◆ Extracted entries ◆
—————

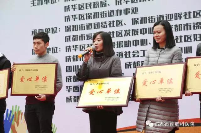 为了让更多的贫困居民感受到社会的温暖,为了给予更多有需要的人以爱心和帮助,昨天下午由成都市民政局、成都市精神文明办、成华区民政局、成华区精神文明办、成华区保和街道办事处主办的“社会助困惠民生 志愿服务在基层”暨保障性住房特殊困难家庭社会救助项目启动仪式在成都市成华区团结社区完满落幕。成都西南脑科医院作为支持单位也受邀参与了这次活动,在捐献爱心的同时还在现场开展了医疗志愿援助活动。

—————

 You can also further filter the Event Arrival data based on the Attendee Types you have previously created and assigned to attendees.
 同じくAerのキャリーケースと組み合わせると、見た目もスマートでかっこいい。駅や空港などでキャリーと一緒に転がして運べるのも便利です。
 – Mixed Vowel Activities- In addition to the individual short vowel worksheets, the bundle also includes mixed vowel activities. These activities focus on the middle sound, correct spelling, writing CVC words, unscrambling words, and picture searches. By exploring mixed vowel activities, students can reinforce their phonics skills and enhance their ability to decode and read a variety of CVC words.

—————

◆ Task objective ◆
Beginning at the line with "You can also" and ending at the line with "of CVC words.", reproduce each line of the data above exactly, and add no other lines.

◆ Problem solution ◆
 You can also further filter the Event Arrival data based on the Attendee Types you have previously created and assigned to attendees.
 同じくAerのキャリーケースと組み合わせると、見た目もスマートでかっこいい。駅や空港などでキャリーと一緒に転がして運べるのも便利です。
 – Mixed Vowel Activities- In addition to the individual short vowel worksheets, the bundle also includes mixed vowel activities. These activities focus on the middle sound, correct spelling, writing CVC words, unscrambling words, and picture searches. By exploring mixed vowel activities, students can reinforce their phonics skills and enhance their ability to decode and read a variety of CVC words.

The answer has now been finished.